• _Problem to work on_: Each line in the material below, starting at the one that contains "2021年5月17日到23日" and ending at the one that contains "Αυτοκόλλητο πόρτας Wood trunks σωρός ξύλων", should be repeated exactly; the pictures should not.

• _Listed entries_:
*** Block opens ***

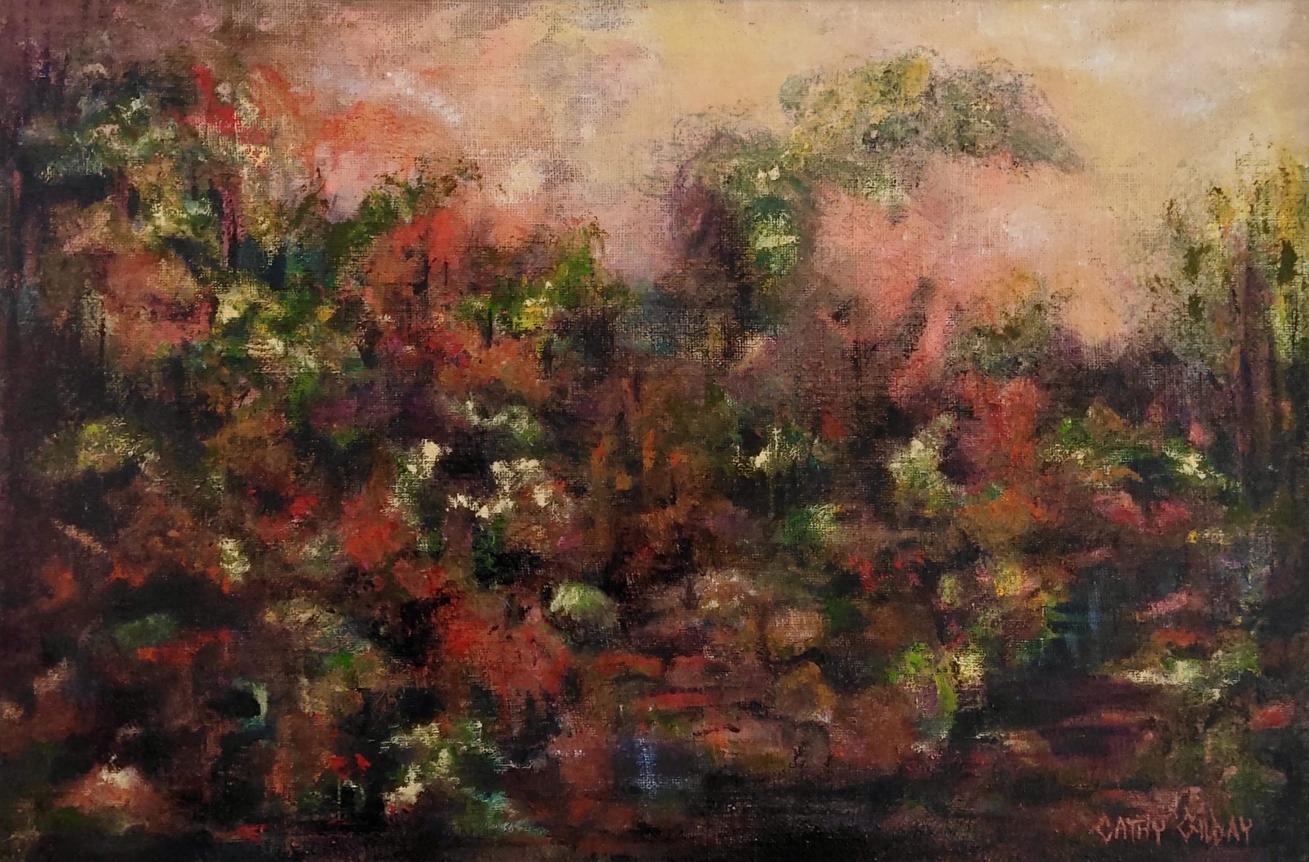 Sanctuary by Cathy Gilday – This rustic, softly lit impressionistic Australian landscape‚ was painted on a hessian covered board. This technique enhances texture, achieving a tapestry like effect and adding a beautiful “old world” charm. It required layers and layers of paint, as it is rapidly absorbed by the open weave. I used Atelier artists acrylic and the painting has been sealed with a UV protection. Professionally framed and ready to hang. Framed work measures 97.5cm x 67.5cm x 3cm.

*** Block closes ***
*** Block opens ***

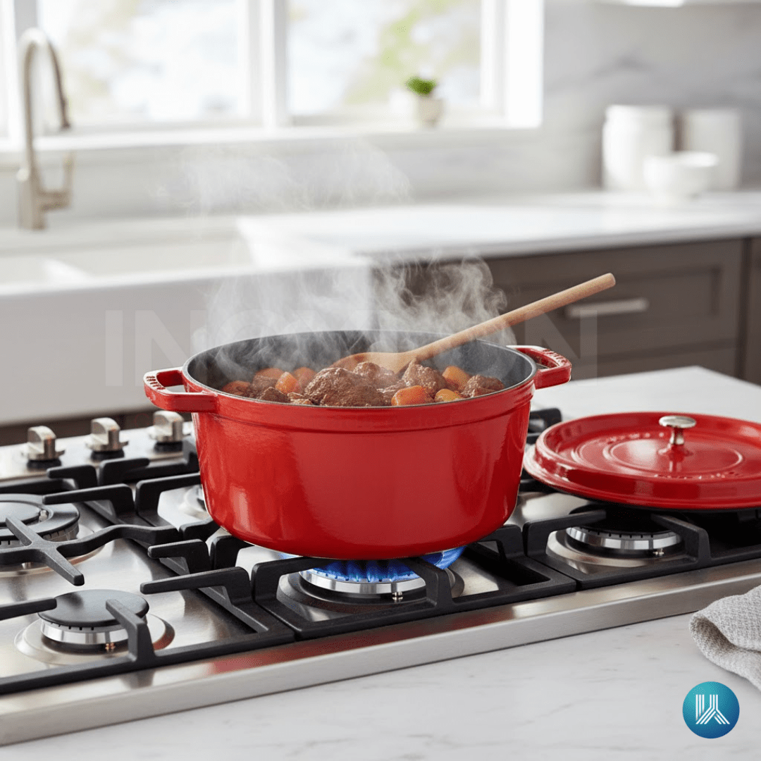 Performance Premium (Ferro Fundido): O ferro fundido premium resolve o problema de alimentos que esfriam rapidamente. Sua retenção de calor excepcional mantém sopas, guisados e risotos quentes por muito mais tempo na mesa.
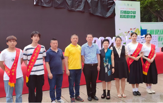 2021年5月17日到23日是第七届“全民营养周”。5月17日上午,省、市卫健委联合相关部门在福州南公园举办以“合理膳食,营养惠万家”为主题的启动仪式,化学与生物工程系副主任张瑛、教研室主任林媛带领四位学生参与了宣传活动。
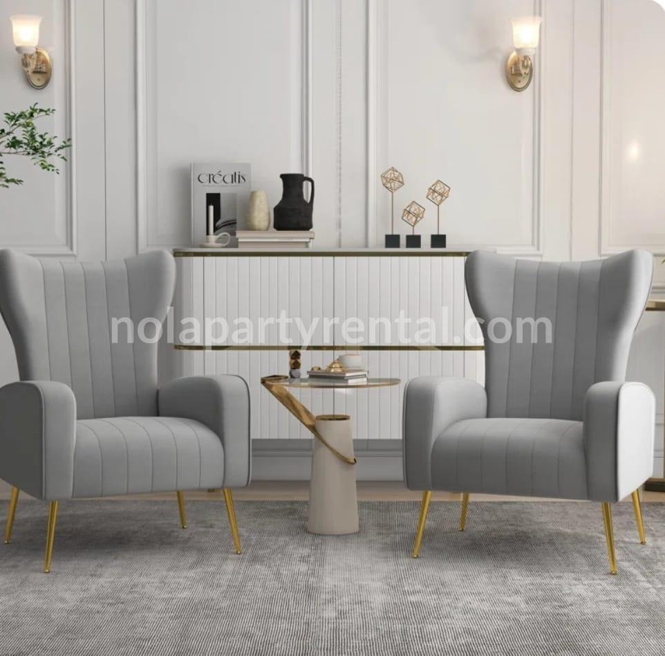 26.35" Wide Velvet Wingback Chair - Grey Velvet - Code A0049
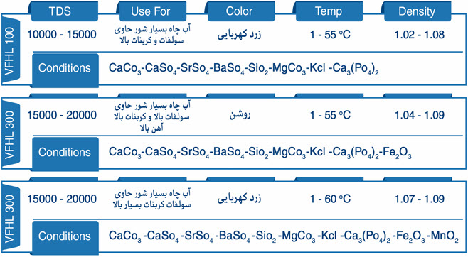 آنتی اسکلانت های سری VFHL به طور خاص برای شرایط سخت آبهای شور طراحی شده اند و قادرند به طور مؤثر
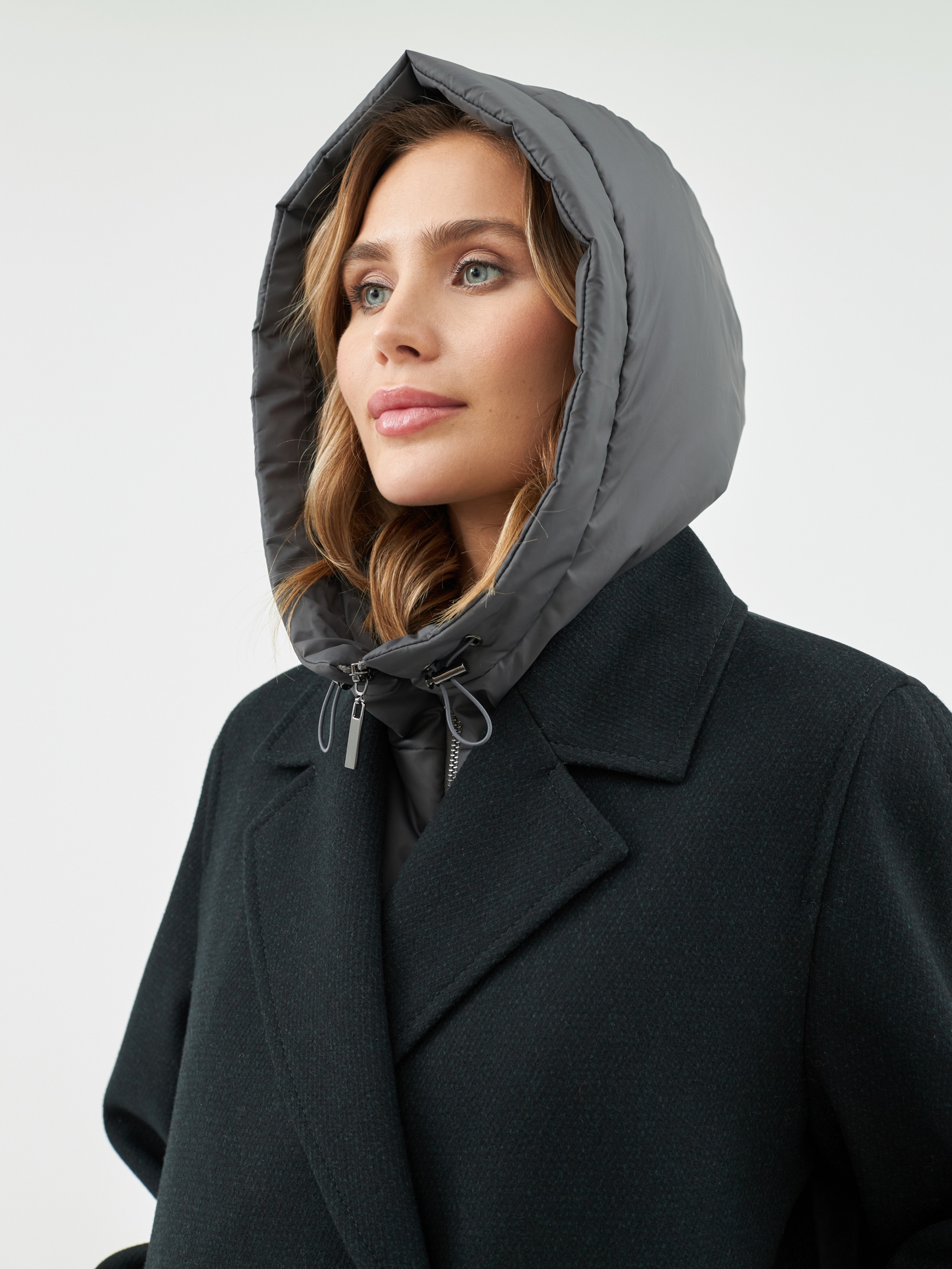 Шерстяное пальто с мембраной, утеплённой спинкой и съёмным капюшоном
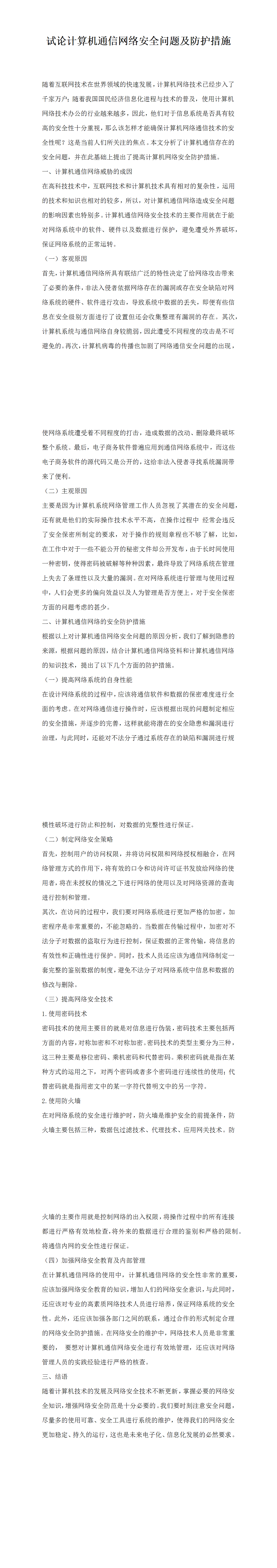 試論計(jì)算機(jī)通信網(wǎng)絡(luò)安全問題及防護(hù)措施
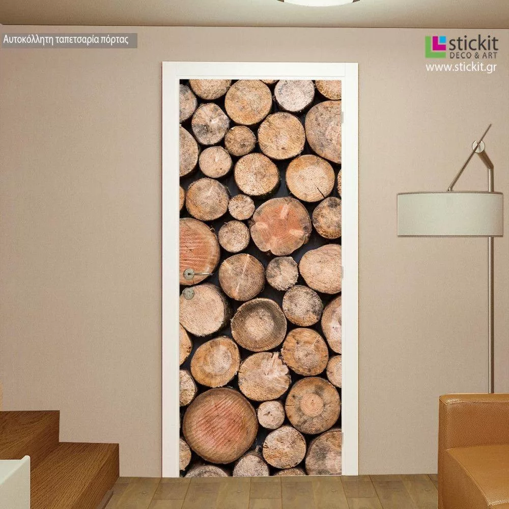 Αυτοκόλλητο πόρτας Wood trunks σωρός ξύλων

*** Block closes ***

• _Answer_:
 2021年5月17日到23日是第七届“全民营养周”。5月17日上午,省、市卫健委联合相关部门在福州南公园举办以“合理膳食,营养惠万家”为主题的启动仪式,化学与生物工程系副主任张瑛、教研室主任林媛带领四位学生参与了宣传活动。
 26.35" Wide Velvet Wingback Chair - Grey Velvet - Code A0049
 آنتی اسکلانت های سری VFHL به طور خاص برای شرایط سخت آبهای شور طراحی شده اند و قادرند به طور مؤثر
 Шерстяное пальто с мембраной, утеплённой спинкой и съёмным капюшоном
 試論計(jì)算機(jī)通信網(wǎng)絡(luò)安全問題及防護(hù)措施
 Αυτοκόλλητο πόρτας Wood trunks σωρός ξύλων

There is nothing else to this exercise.